5 Hal inilah yang perlu diteliti lebih lanjut mengenai pelaksanaan Pasal 90 ayat (1) huruf d dan Pasal 91 ayat (1) UU PDRD tersebut dalam praktek kerja Notaris/PPAT dan juga akibat hukum terhadap Notaris/PPAT dan akta yang dibuatnya apabila pajak dibayar sebelum atau sesudah penandatanganan akta hibah wasiat. B. Rumusan Masalah Sesuai dengan permasalahan diatas, diperoleh rumusan masalah sebagai berikut: 1. Bagaimana seharusnya Pasal 90 ayat (1) huruf d Undang-Undang Nomor 28 Tahun 2009 tentang Pajak Daerah dan Retribusi Daerah diinterpretasikan dan apa kaitannya dengan pembuatan akta oleh Notaris/PPAT untuk hibah wasiat? 2. Apakah akibat hukum apabila Notaris/PPAT membuat akta hibah wasiat dengan mengesampingkan Pasal 91 ayat (1) Undang-Undang Nomor 28 Tahun 2009 tentang Pajak Daerah dan Retribusi Daerah?

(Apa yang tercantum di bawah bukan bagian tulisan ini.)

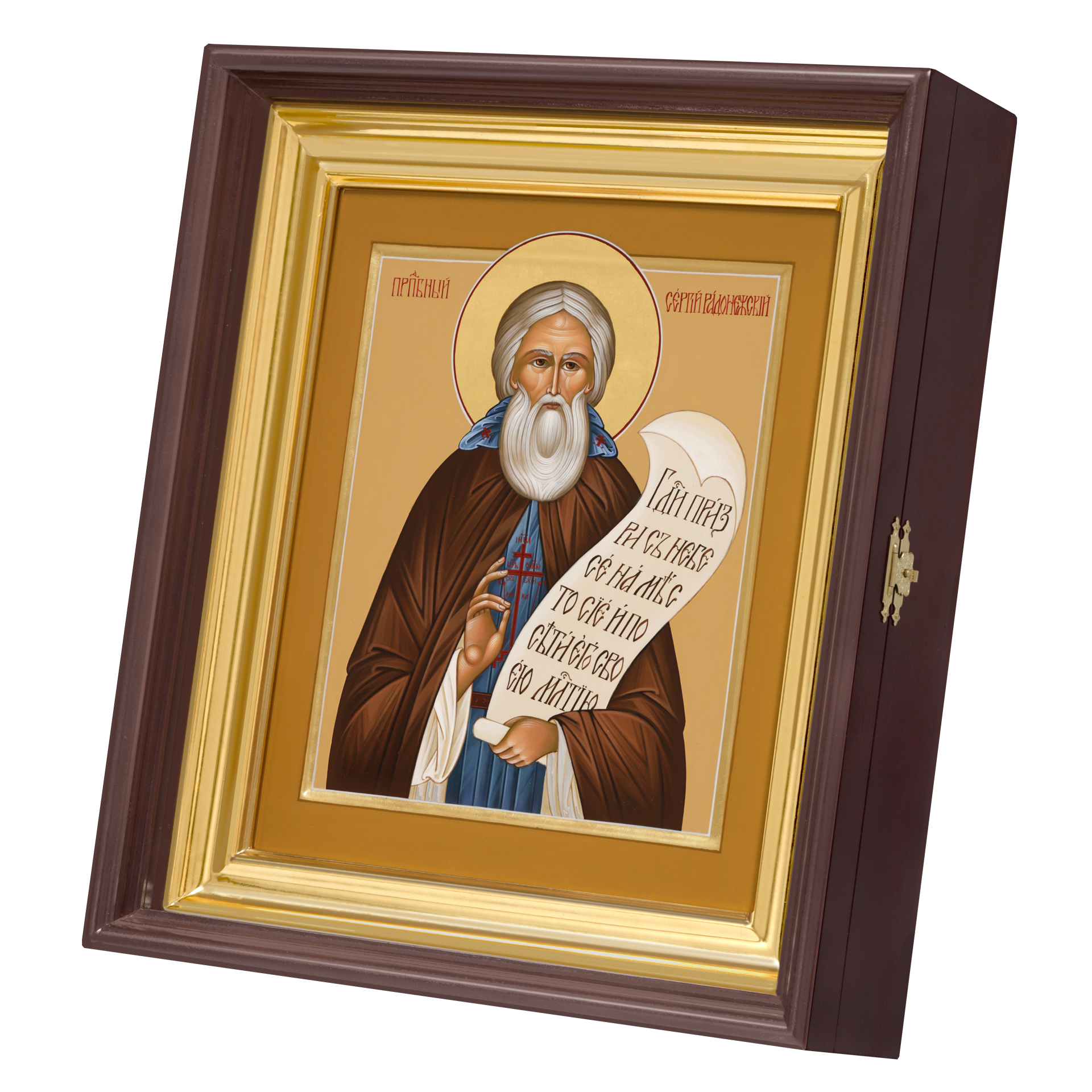 Икона живописная на доске в киоте 24х30 темпера, золоченый нимб, ковчег, киот №1 Сергий Радонежский, 05147

C. Keaslian Penelitian Penelitian mengenai Tinjauan Yuridis Terhadap Pasal 90 Ayat (1) huruf d dan Pasal 91 Ayat (1) Undang-Undang Nomor 28 Tahun 2009 tentang Pajak Daerah dan Retribusi Pajak Daerah serta Implikasinya dalam Pembuatan Akta Hibah wasiat oleh Notaris/PPAT sejauh penulis ketahui belum ada yang meneliti tentang ini, namun penelitian yang pernah dilakukan yang berkaitan dengan judul penelitian ini adalah:
6 1. Aries Muzaijanah, 2007 dari Program Magister Kenotariatan Universitas Dipenogoro dengan judul Pelaksanaan Pendaftaran Peralihan Hak Atas Tanah Atas Dasar Hibah Wasiat di Kecamatan Purwokerto Selatan, Kota Purwokerto. Penelitian ini menitik beratkan pada pelaksanaan dan hambatan dalam proses pendaftaran peralihan hak atas tanah atas dasar hibah wasiat di Purwokerto. 2. Tini Rusdihatie, 2011 dari Program Magister Kenotariatan Universitas Gadjah Mada dengan judul Tinjauan Hukum Terhadap Pelaksanaan Pemungutan Bea Perolehan Hak Atas Tanah dan/atau Bangunan (BPHTB) melalui Hibah wasiat di Jakarta Pusat. Penelitian ini menitik beratkan pada pelaksanaan dan kendala dalam pemungutan BPHTB berdasarkan perolehan hak hibah wasiat. Kedua penelitian tersebut mengambil objek penelitian yang sama yaitu tentang hibah wasiat dengan melakukan penelitian dari segi yuridisempiris. Perbedaan antara penelitian sebelumnya dengan penelitian yang dilakukan oleh penulis terletak pada subjek penelitian. Subjek penelitian yang pertama dilakukan di Kantor Pertanahan kota Purwokerto dan subjek penelitian yang kedua dilakukan di Dinas Pendapatan dan Pengelolaan Keuangan Jakarta Timur, sedangkan penulis menitik beratkan Notaris/PPAT dalam membuat akta Hibah wasiat dan Fiskus dalam menarik BPHTB sebagai subjek penelitian. Tinjauan yuridis yang dijadikan acuan penelitian adalah Pasal 90 ayat (1) huruf d dan Pasal 91
7 ayat (1) Undang-Undang Nomor 28 Tahun 2009 tentang Pajak Daerah dan Retribusi Daerah. D. Tujuan Penelitian Tujuan dari penelitian ini adalah: 1. Untuk mengetahui implementasi Pasal 90 ayat (1) huruf d dan Pasal 91 ayat (1) Undang-Undang Nomor 28 Tahun 2009 tentang Pajak Daerah dan Retribusi Daerah dalam pembuatan akta hibah wasiat oleh Notaris/PPAT. 2. Untuk mengetahui akibat hukum apabila Notaris/PPAT membuat akta hibah wasiat dengan mengesampingkan Pasal 91 ayat (1) Undang- Undang Nomor 28 Tahun 2009 tentang Pajak Daerah dan Retribusi Daerah.